203 The Politics of AI Bias Tracey Spicer
Having been an early guest on this podcast back in 2017 when her book The Good Girl Stripped Bare was released, I am excited to welcome back Tracey Spicer AM. For anyone wanting a recap, Tracey is a multiple Walkley Award-winning author, journalist, and broadcaster who has anchored national programs for ABC TV and radio, Network Ten, and Sky News.
The inaugural national convenor of Women in Media, Tracey is one of the most sought-after keynote speakers and emcees in Australia. In 2019 she was named the NSW Premier’s Woman of the Year, accepted the Sydney Peace Prize alongside Tarana Burke for the MeToo movement, and won the national award for Excellence in Women’s Leadership through Women & Leadership Australia. The ABC highlighted Tracey’s #metoo work in the three-part documentary series Silent No More, which featured the stories of hidden survivors.
In 2018, Tracey was chosen as one of the Australian Financial Review’s 100 Women of Influence, winning the Social Enterprise and Not-For-Profit category. For her 30 years of media and charity work, Tracey has been awarded the Order of Australia.
Highlights of her career include writing, producing and presenting documentaries on women and girls in Bangladesh, Kenya, Uganda, Papua New Guinea and India. She is an Ambassador for ActionAid, the Ethnic Business Awards and Purple Our World, and Patron of the Pancreatic Cancer Alliance.
Her newest book, Man-Made: How the bias of the past is being built into the future was released in May 2023. Today we are discussing the world of AI and its biases. Welcome back to The Politics of Everything, Tracey. And before we kick off, note this episode does touch on issues such as coercive control and listener discretion is advised.
Some of what chat about includes:
1. How has AI and a new era of feminism become intertwined from your perspective?

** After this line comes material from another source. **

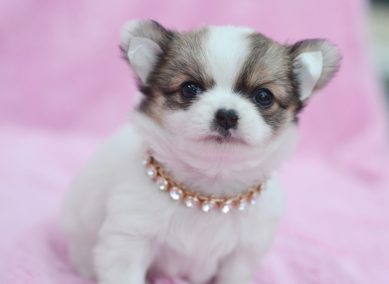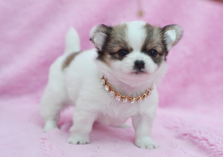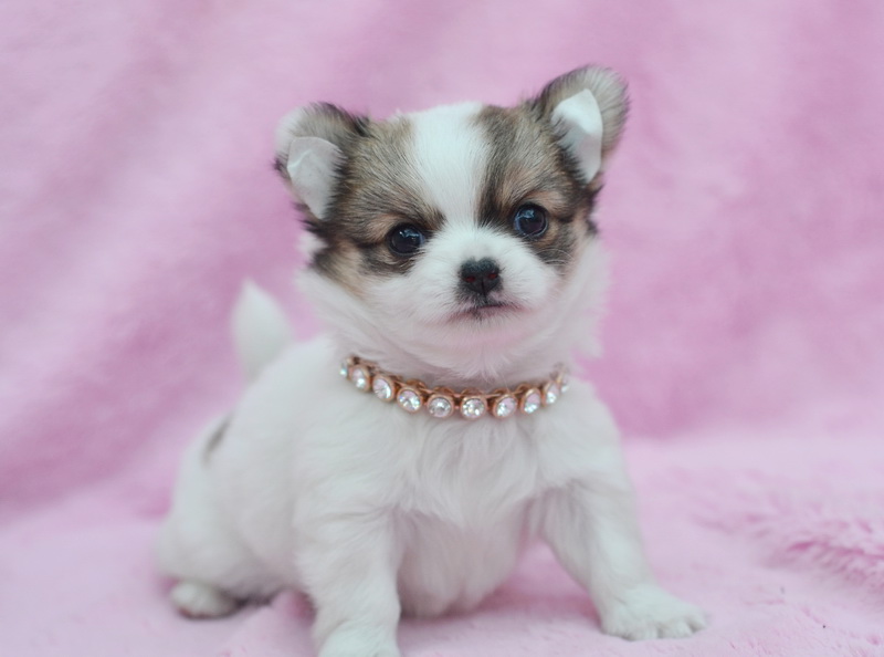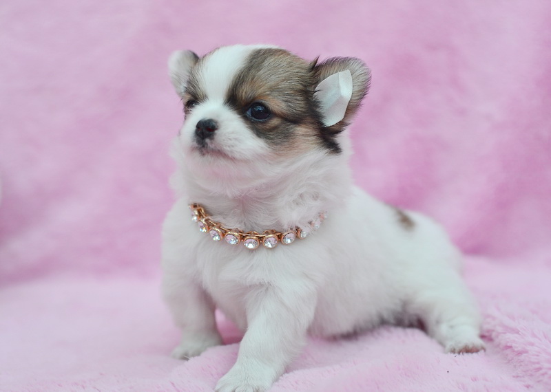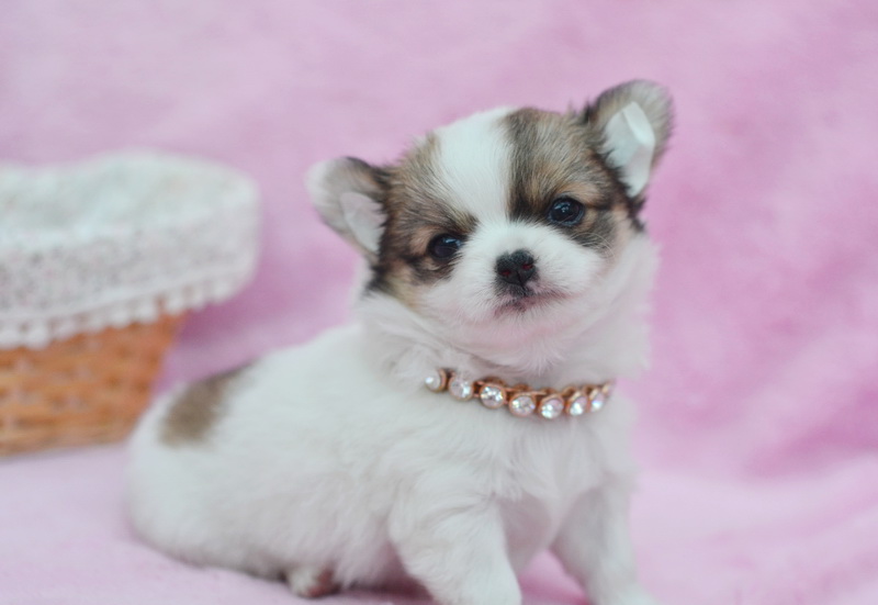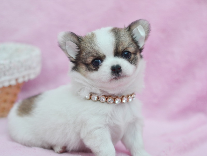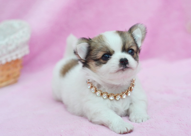 "น้องหนูมาลี" ชิวาวาเพศเมียขนยาวสีขาวน้ำตาล หน้าสั้นๆ หัวโต ขนแน่นๆ น่ารักมาก

2. The Algorithmic Justice League (AJL) says at the very least we should demand inclusive product testing and the regulation of auditing systems - but neither Meta nor Twitter is there yet. Are we too late on this?

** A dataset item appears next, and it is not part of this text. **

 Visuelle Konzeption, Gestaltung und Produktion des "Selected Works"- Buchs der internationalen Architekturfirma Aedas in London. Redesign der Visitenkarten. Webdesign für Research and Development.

3. We know popular tools like ChatGPT have limits and biases, largely gender-related and in my experience in playing with it spits out more American-centric case studies, and ways of structuring content. Is women are over 50% of the population and hence prolific users, why is this happening?
4. Artificial intelligence has been around for years and is not just for sci-fi buffs or tech types– we maybe just accepted it or didn’t realise it’s everyday power in say use of chat bots for online services like banking or streaming services. The conversation is definitely shifting to how we manage AI and ensure we don’t lose all power to the tech giants. Are there some ways you can see this happening so it’s not all doom and gloom?
5. Takeaway: What is your final takeaway message for us on The Politics of AI Bias?